Their interpretation of Brahms’s Piano Quintet was a fascinating one, a labour of love. Fleisher it was who set the slow tempos adopted for each movement, but at no point was this at the expense of musical insight and expression. Quite the contrary, with Fleisher intently watching Sara Bitlloch in the unison opening, the subsequent outburst held back a little to preserve the keen atmosphere of tension.

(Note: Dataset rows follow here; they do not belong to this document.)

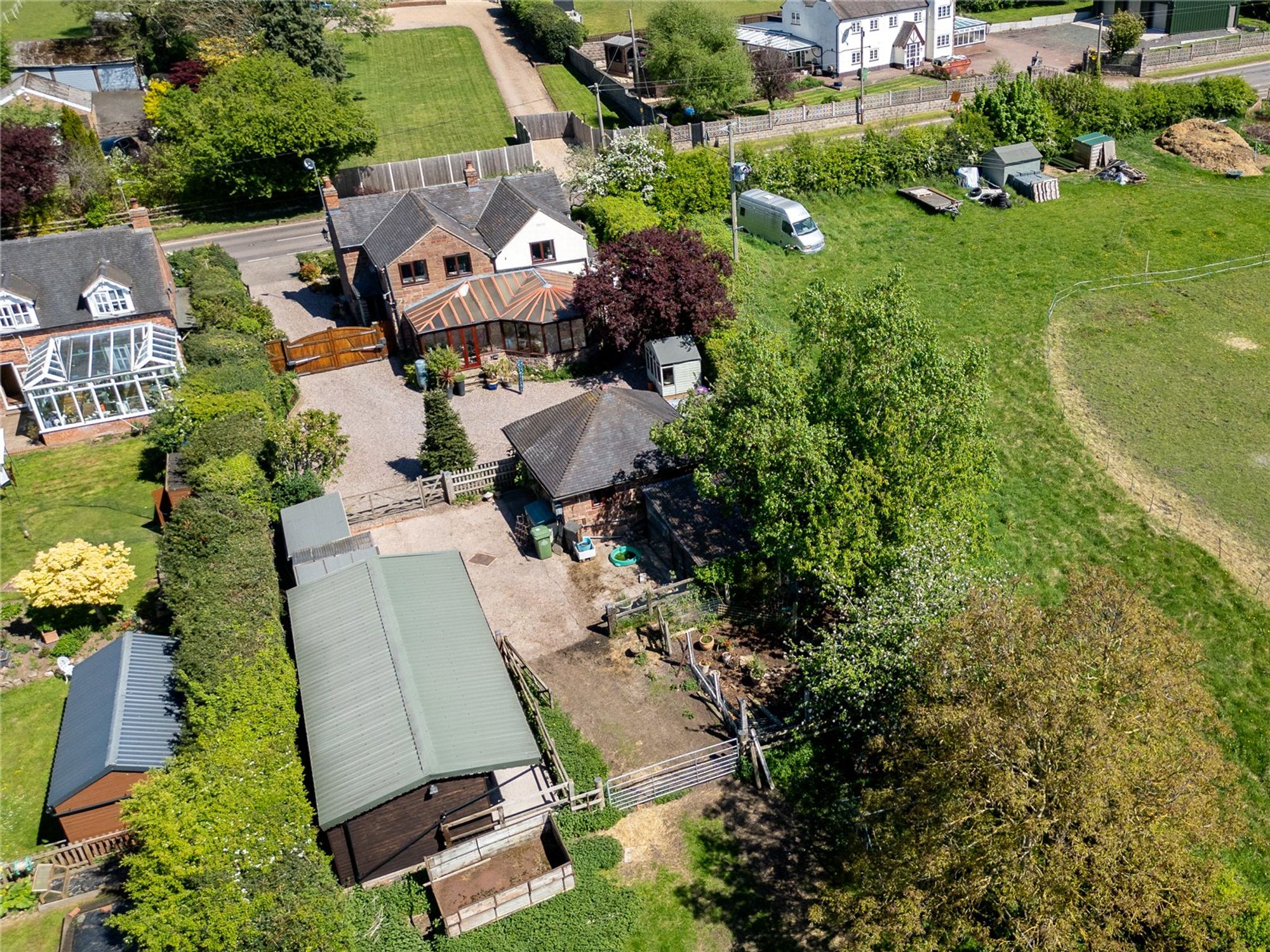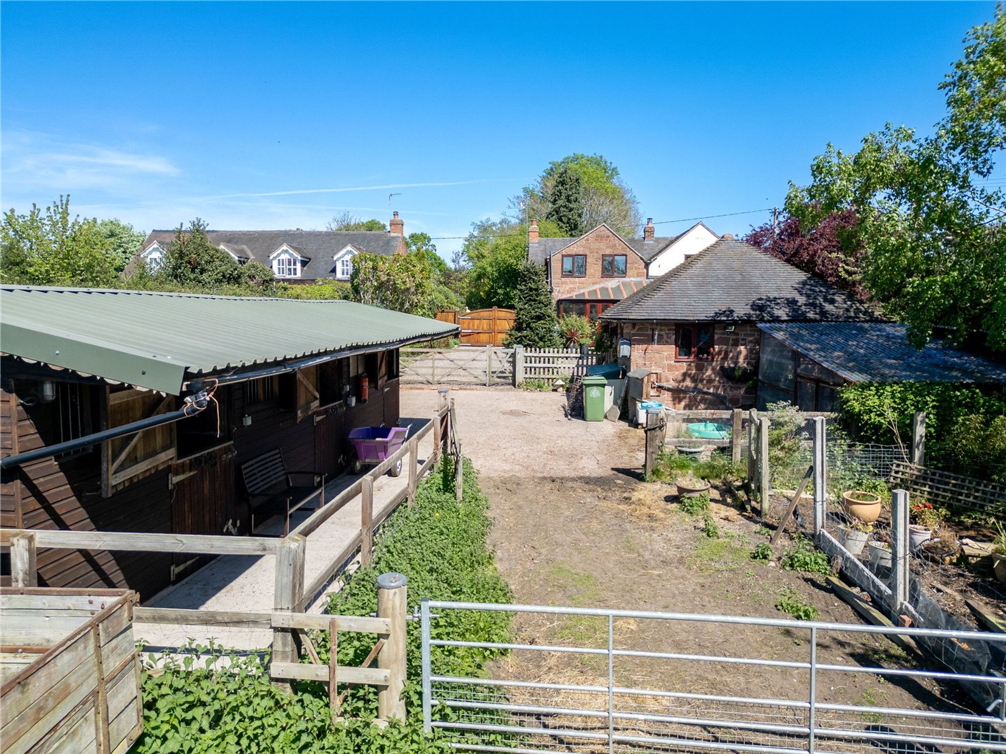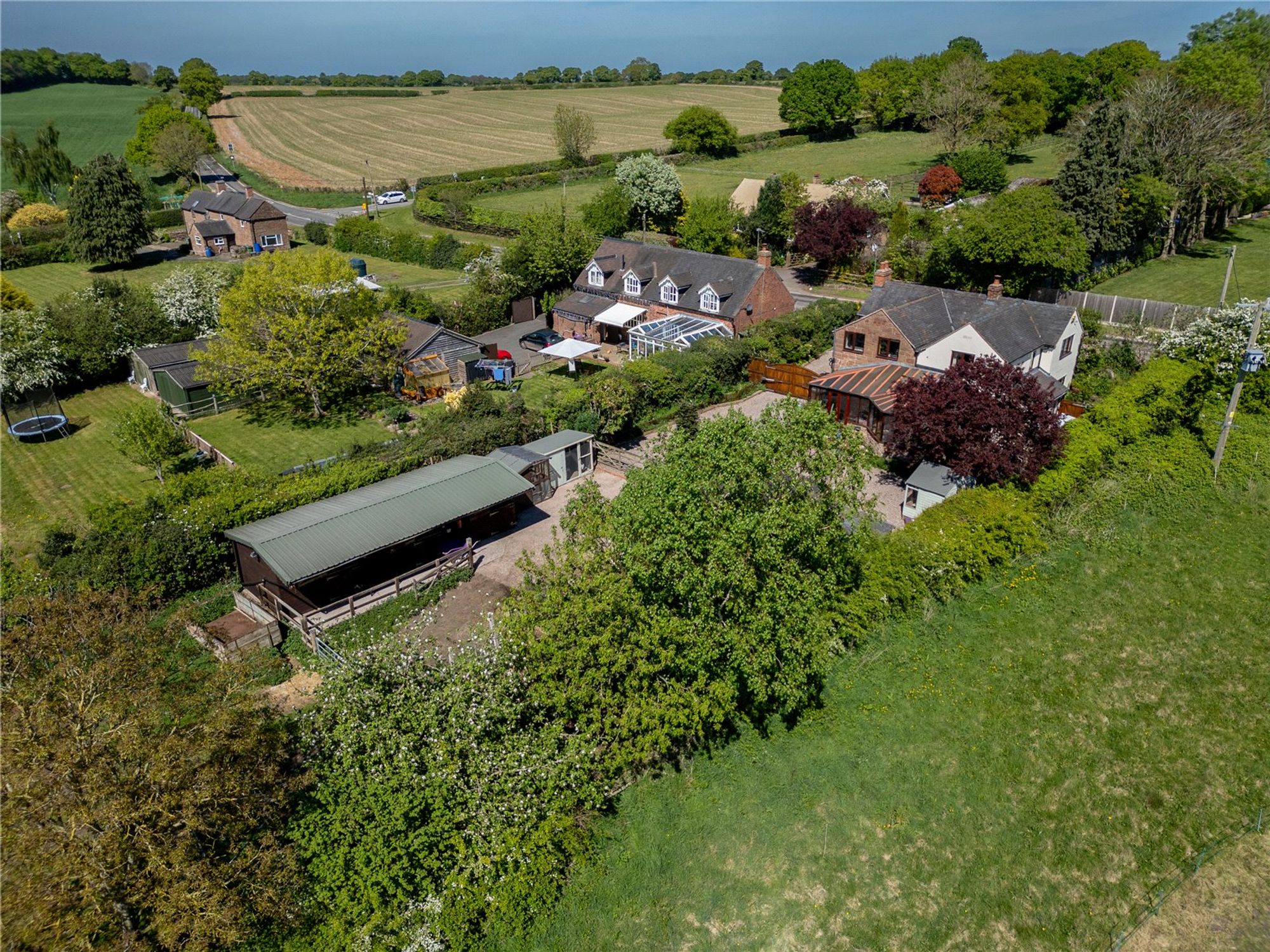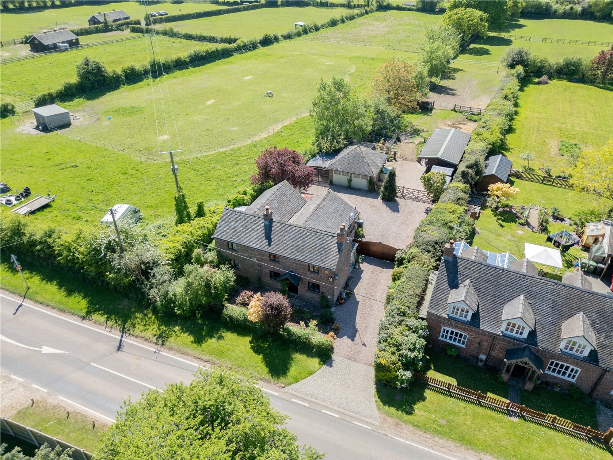 Set on a substantial plot totalling over 2 acres, the rear of the property is a particular highlight, offering a double garage, 2 paddocks with their own water supply, stables, outbuildings, chicken coup and a new shelter. The broad expanse of outdoor space is also ideal for children to play, summer entertaining, or cultivating a garden retreat. The garden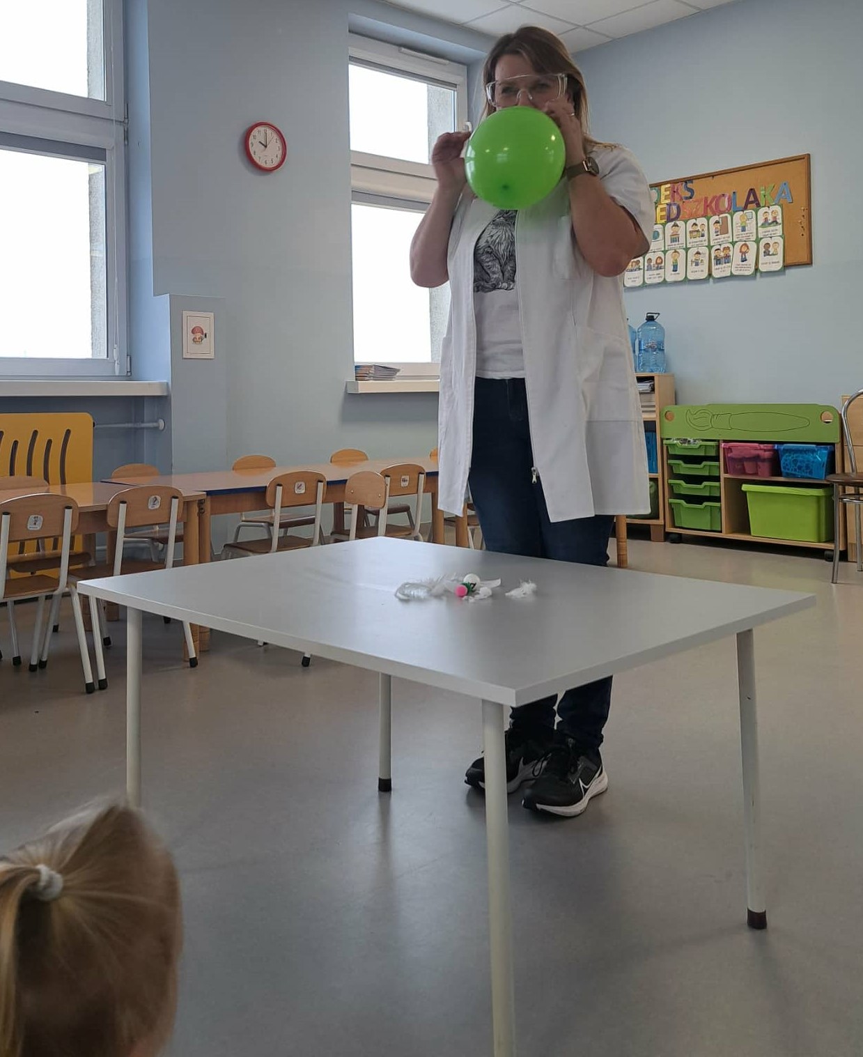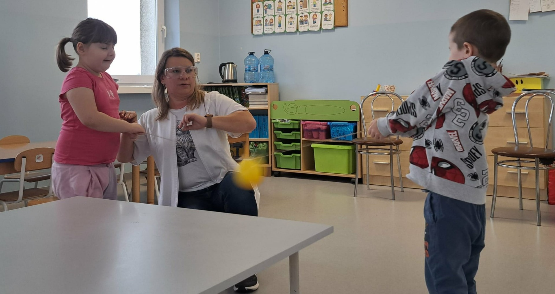 Biedronki uczestniczyły w pierwszym cyklu zajęć w ramach innowacji pedagogicznej. Tematem spotkania było odkrywanie właściwości powietrza. Eksperymenty pozwoliły dzieciom zrozumieć, że choć powietrze jest niewidzialne, ma swoje właściwości i wpływa na różne zjawiska wokół nas. Doświadczenia były nie tylko atrakcyjne, ale także rozwijające — zachęcały do myślenia, przewidywania i samodzielnego testowania pomysłów.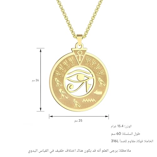 Generic - Stainless Pendant - Egyptian Horus Eye Necklace for Men with Hieroglyphic and Engraved Design, Adds a Distinct Ancient Cultural Touch to Any Jewelry Collection While Expressing Timeless Charm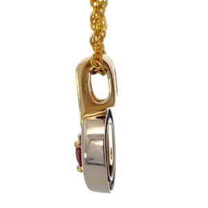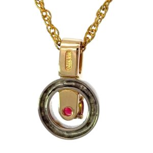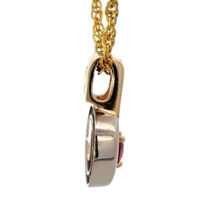 This estate pendant features a .70 round red spinel stone with .20 carats of SI clarity diamonds mounted in a 14k 2-tone yellow and white gold mounting. It weighs 5.4 grams and is just over 3/4 inch tall overall. This pendant comes with a gold plated chain at no charge, we have a nice variety of gold chains if you need one.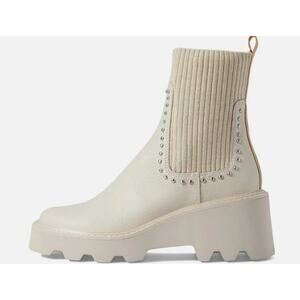Dolce Vita Hoven Stud H2O Boots 10 White Leather Ankle Booties Chelsea Heel Lug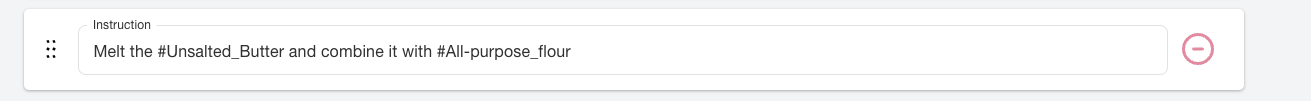 Organize Instructions: You can drag and position the instruction where it fits best among the steps or ingredients.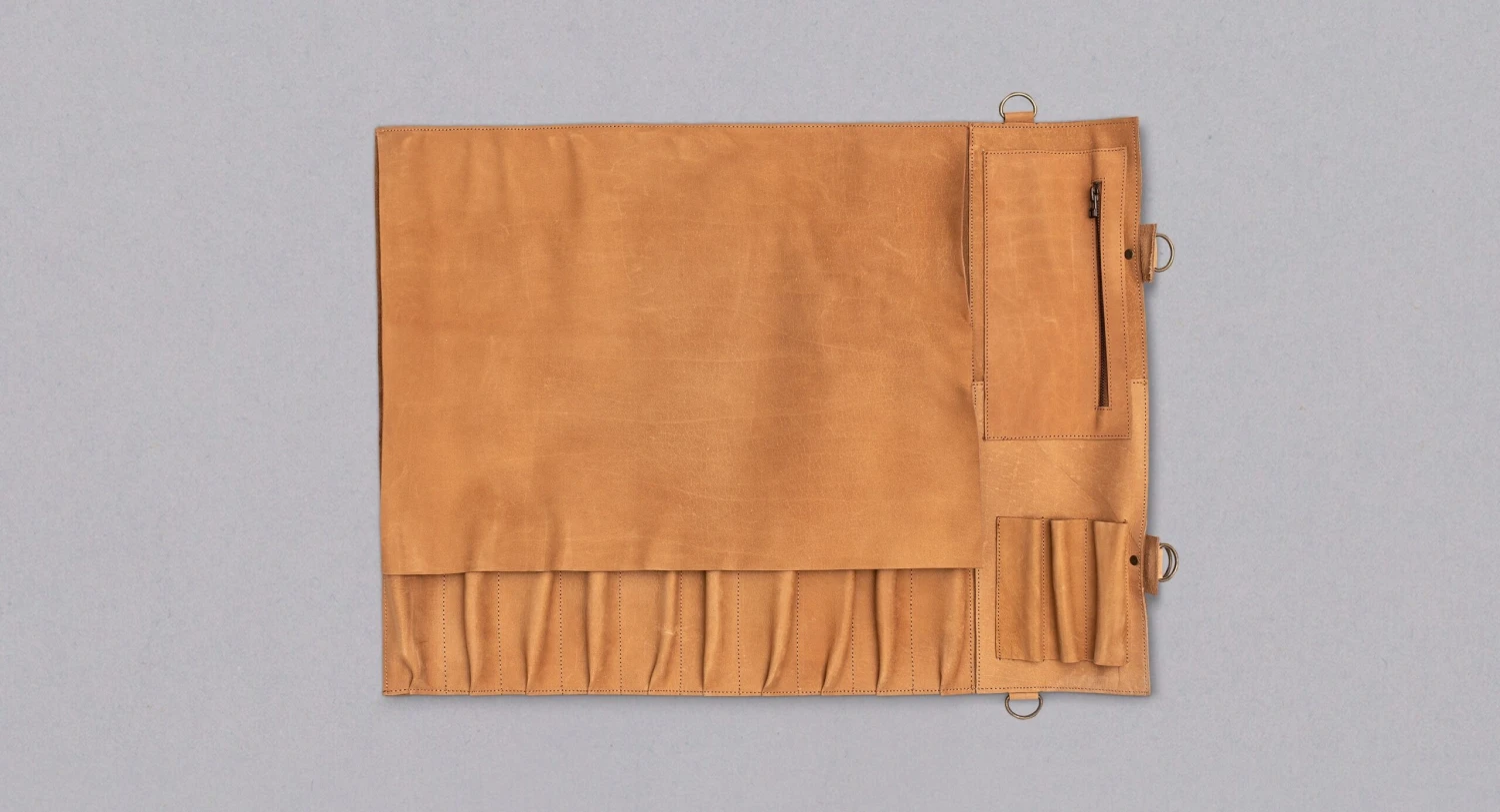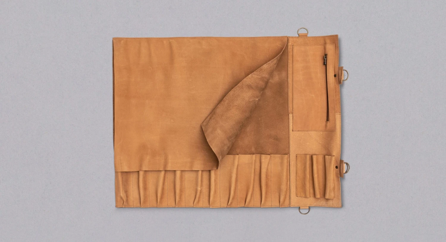 Our Chef’s Leather Knife Roll is a must-have for every professional chef or passionate home cook with a large arsenal of kitchen tools. An elegant and safe way to store and transport your knives and kitchen accessories wherever the job takes you.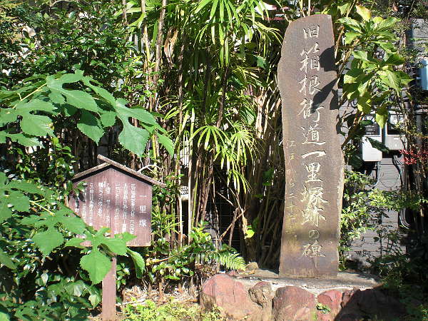 湯本茶屋の一里塚跡」がある。(右・左写真=9:42)
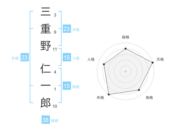 三重野 仁一郎さんを姓名の画数から五運を鑑定

The Andante was especially poetic; Fleisher’s phrasing a wonder of emotional investment, the pianist relaxed in posture but firmly in control. The Elias musicians; sound was relatively rich here, free in its vibrato, but warmly expressive. In the scherzo all five players dug in grittily as the music embedded itself in the ostinato rhythms that flash back to Beethoven’s Fifth Symphony, the moderate tempo fully yielding its rewards in the forthright response in the major key. When the finale began, however, the sound was a barely audible pianissimo, if with white-hot intensity. Gradually the music gathered itself, and though the ending of this movement, and the scherzo, contained a few wrong notes in octave displacements on the piano, this was a small price to pay for a revealing performance that considered this masterpiece afresh.
By way of Schoenberg, Webern could be said to have enjoyed the influence of Brahms early on in his career, though Schubert could also be heard in the music of Langsamer Satz. This ‘slow movement’ could only be an early utterance, offering no clues to the eventual direction of its composer. The Elias Quartet expressed the heady romanticism of Webern’s outpouring of love for his cousin, with whom he was in a relationship at the time, through expressive portamento and bold, rich vibrato. They were however more effective in the softer passages, where a clever use of pizzicato created silvery, moonlit textures similar to those of Schoenberg’s Verklärte Nacht, and the solos of Martin Saving and Marie Bitlloch were nicely done.